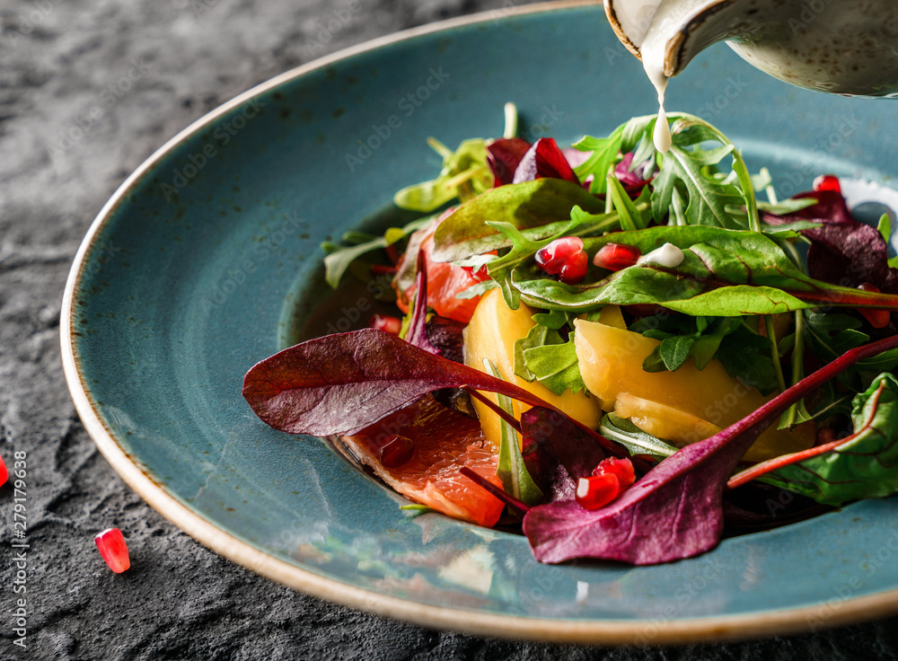Healthy fresh fruit salad with greens and sauce in bowl over dark background. Healthy food, vegetarian dieting, close up
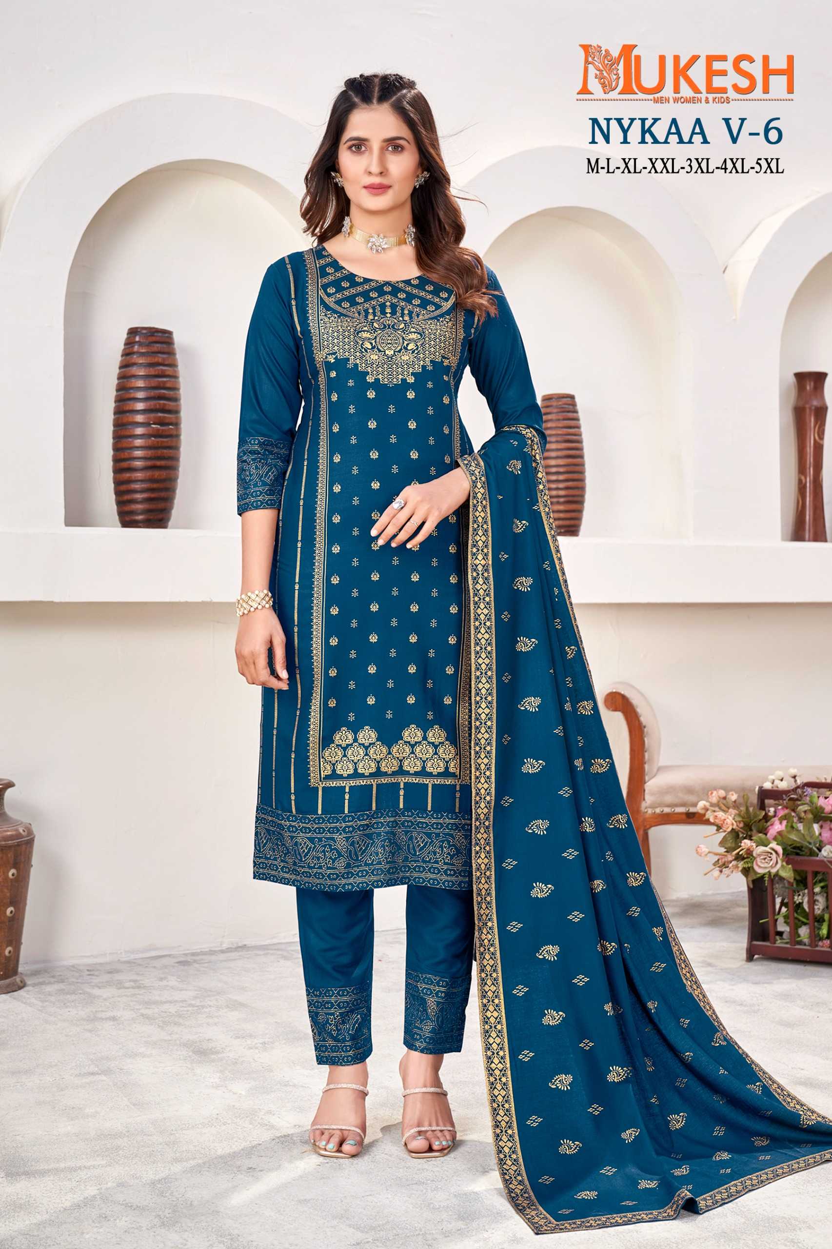 💐 NYKAA V-6💐 👗. TOP RAYON GOLD PRINT 👖 BOTTOM RAYON 🧣 DUPTTA RAYON GOLD PRINT ➖ M L XL XXL 3XL 4XL 5XL 1-DESIGN Rate : 699/- |
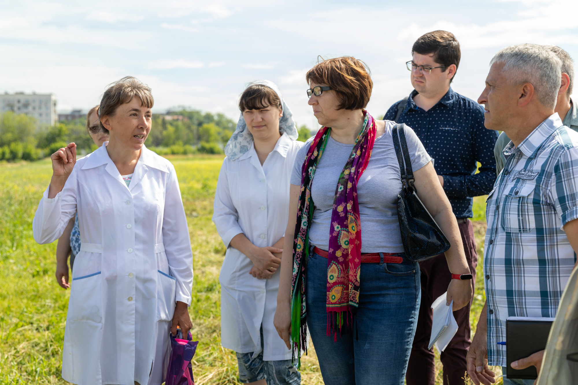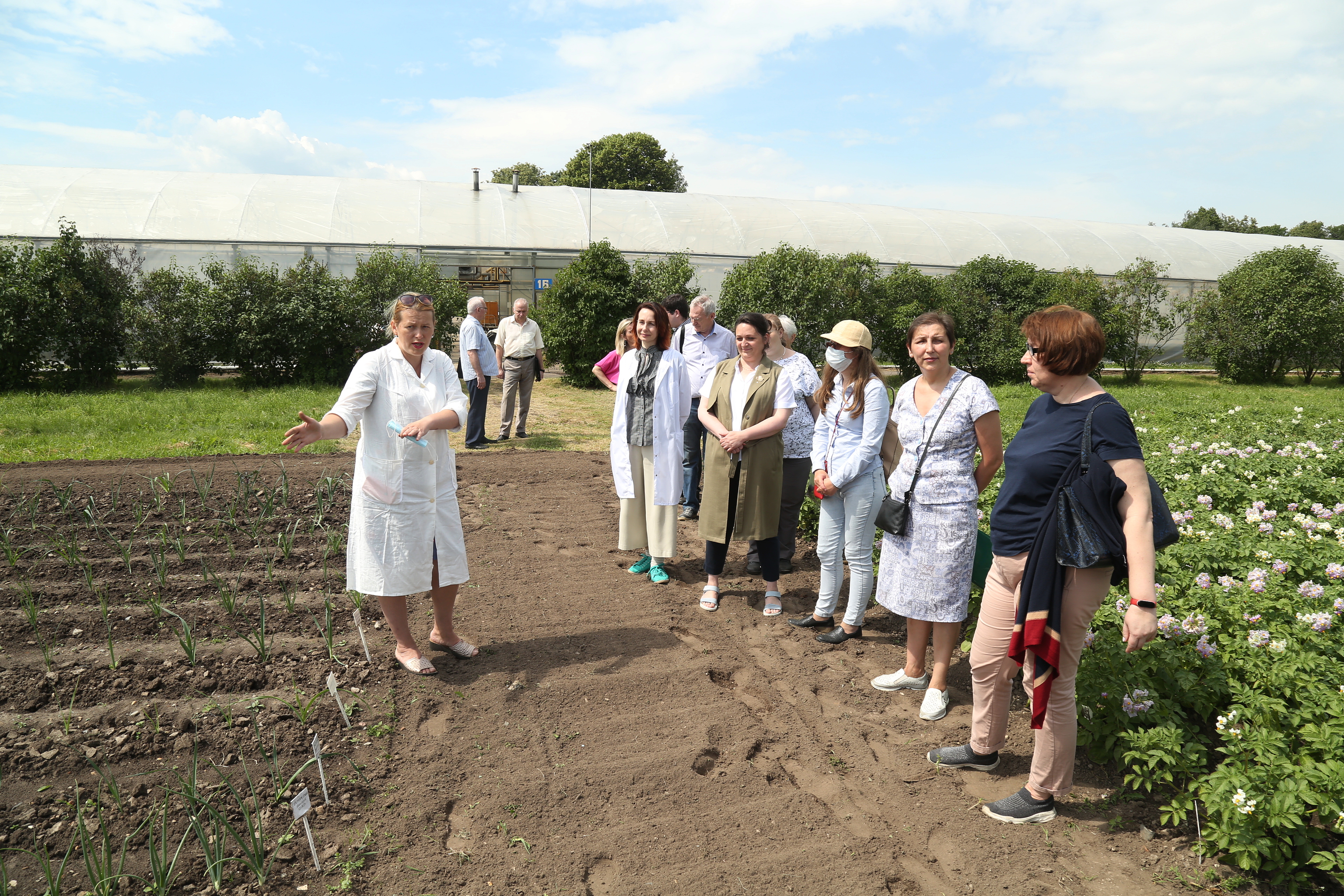 Руководитель Центра молекулярной биотехнологии, доктор биологических наук, профессор Л.И. Хрусталева представила коллегам перспективные исследования на основе геномных технологий, методов молекулярной генетики и цитогенетики. На опытных делянках ученый продемонстрировала уникальную коллекцию диких представителей семейства Allium, привезенных из Сибири, Алтая, Монголии, Японии, Северного Китая.

───

* Problem to solve
Transcribe only these lines, exactly: the first line of the listing, every line after it, and the line with "Rate : 699/- |", where the copy ends. Include no picture.

* Response for this exercise
Healthy fresh fruit salad with greens and sauce in bowl over dark background. Healthy food, vegetarian dieting, close up
 💐 NYKAA V-6💐 👗. TOP RAYON GOLD PRINT 👖 BOTTOM RAYON 🧣 DUPTTA RAYON GOLD PRINT ➖ M L XL XXL 3XL 4XL 5XL 1-DESIGN Rate : 699/- |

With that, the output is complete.